Gauquelin LERRCP - file D6

The main problem of page 902gdD6.html is that it contains neither place name nor country. So it is impossible to compute timezone offset without restoration. Country restoration is done using reverse geocoding. This also permits to compute place names, but does not always give the exact birth place. This restoration needs to be bettered, birth place restoration is currently not included in the resulting file.
Accoding to cura.free.fr : D6 contains 450 New famous European Sports Champions but only 449 were found in the file.
Computation of timezone offset is also possible but hasn't been coded yet.
To import raw file in database, the following commands must be issued :
php run-g5.php cura D6 raw2tmp
php run-g5.php cura D6 addGeo
php run-g5.php cura D6 tmp2db

Preparatory code

Cura file contains 32 names that can't be easily split to family / given names by program.
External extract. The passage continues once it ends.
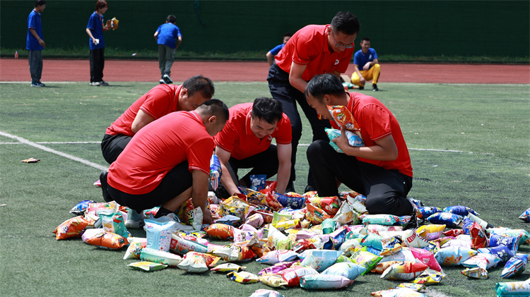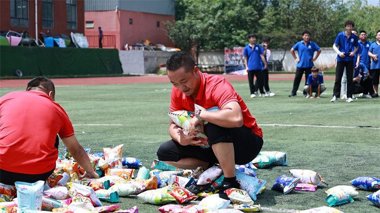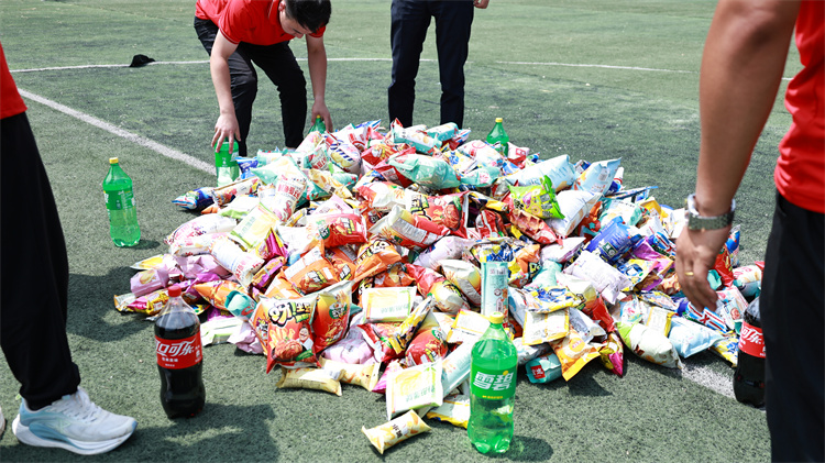 趣味開賽,歡樂無限 比賽當天,學校在操場上精心布置了各式各樣的零食和飲料,琳瑯滿目的美食瞬間點燃了學生們的熱情。隨著一聲令下,參賽學生們如離弦之箭沖向零食區,有的身手敏捷,迅速“搶占”目標;有的團隊協作,互相配合“圍剿”零食;還有的另辟蹊徑,以智取勝。老師們在一旁加油助威,吶喊聲、歡笑聲此起彼伏,現場氣氛熱烈非凡。

To handle these cases, the command
php run-g5.php cura D6 look emptyGiven
was used to build array $NAMES_CORRECTIONS of raw2tmp.
One case could not be fixed : 115 Crossalexander 1919-06-16 15:30

raw2tmp

This step copies and reformat the informations of 902gdD6.html to a csv file in directory data/tmp/cura.
  • Notice of page 902gdD6.html says the file contains 450 persons, but it contains in fact 449 (NUM 234 is missing).
    So the generated file contains 449 persons.
  • For record 356 Ruiz Bernardo, a check on wikipedia shows that he is born in Orihuela, ES, which shows that there is an error in cura file (latitude should be 38N05 instead of 36N05). The correction was added to step raw2tmp().
  • Fixes on names are also included in raw2tmp code.

addGeo

Current code does not use anymore Geonames web service.
Result of previous calls to geonames web service was copied to
data/build/geonames/D6.csv
addGeo contains temporary code using this file to restore country code.
Documentation of this paragraph is obsolete.
This step computes country code and might be bettered to also compute place name.
The principle is to call geonames.org web service to perform reverse geocoding (compute place from longitude and latitude).
In practice, a new directory was added in config : 5-geonames, located by default in data/5-tmp/geonames.
For each row of D6, addGeo :
  • Checks in 5-geonames/D6.csv if geocoding was already computed.
  • If not, it calls geonames.org web service, add informations to 5-geonames/D6.csv and rewrites this updated file on disk.
  • Transfers the informations of 5-geonames/D6.csv to 5-tmp/D6.csv
Rewriting 5-geonames/D6.csv after each call to geonames.org permits to stop the execution and start it again without re-calling geonames.org web service for records that have already been computed.
Reverse geocoding gave a result for all records except for 356 Ruiz Bernardo (see correction above).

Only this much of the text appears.